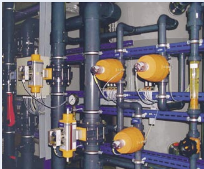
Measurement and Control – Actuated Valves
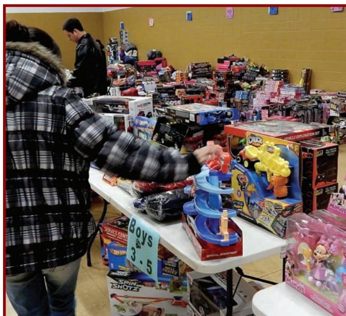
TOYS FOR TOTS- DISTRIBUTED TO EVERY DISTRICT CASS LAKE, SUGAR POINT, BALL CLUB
* * *
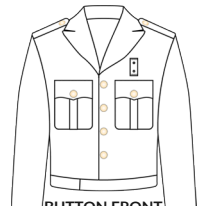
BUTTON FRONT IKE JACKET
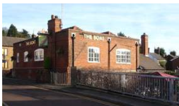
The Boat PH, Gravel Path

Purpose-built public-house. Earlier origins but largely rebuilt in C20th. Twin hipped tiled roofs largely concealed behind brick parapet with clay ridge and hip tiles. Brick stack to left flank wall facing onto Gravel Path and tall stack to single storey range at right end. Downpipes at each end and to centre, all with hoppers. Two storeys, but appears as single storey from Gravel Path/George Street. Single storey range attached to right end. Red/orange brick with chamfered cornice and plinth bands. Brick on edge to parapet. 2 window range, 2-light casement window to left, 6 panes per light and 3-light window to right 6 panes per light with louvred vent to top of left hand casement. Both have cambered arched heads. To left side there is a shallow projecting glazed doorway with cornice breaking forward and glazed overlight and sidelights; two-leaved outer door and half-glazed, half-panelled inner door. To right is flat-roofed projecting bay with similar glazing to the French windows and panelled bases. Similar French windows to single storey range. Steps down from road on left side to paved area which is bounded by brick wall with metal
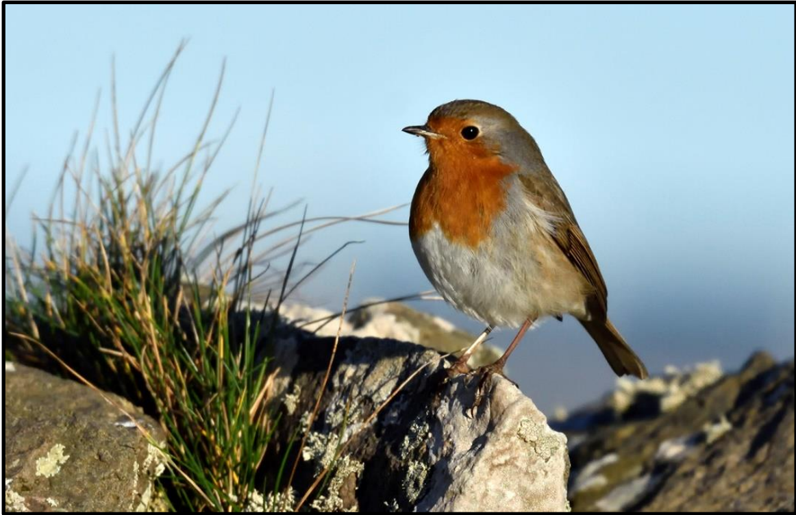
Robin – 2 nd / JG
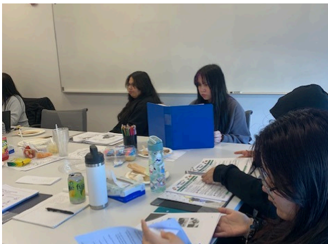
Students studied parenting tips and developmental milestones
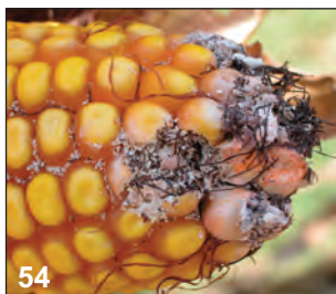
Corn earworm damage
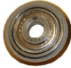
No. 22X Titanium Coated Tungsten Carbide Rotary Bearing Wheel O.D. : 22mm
---
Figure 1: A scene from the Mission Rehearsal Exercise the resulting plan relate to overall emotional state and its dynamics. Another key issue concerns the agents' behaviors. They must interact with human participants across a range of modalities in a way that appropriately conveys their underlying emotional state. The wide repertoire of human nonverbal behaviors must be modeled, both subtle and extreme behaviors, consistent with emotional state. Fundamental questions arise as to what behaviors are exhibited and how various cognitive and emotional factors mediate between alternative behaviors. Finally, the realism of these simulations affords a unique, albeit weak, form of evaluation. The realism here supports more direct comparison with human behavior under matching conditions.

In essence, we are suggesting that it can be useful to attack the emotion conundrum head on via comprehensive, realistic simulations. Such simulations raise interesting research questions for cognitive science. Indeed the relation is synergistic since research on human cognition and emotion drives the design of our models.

> EXERCISE REQUIREMENTS
Above are the records; copy from them only the lines starting at the one containing "Measurement and Control – Actuated Valves" and ending at the one containing "TOYS FOR TOTS- DISTRIBUTED", exactly and without pictures.

> RESPONSE TO THIS TASK
Measurement and Control – Actuated Valves
TOYS FOR TOTS- DISTRIBUTED TO EVERY DISTRICT CASS LAKE, SUGAR POINT, BALL CLUB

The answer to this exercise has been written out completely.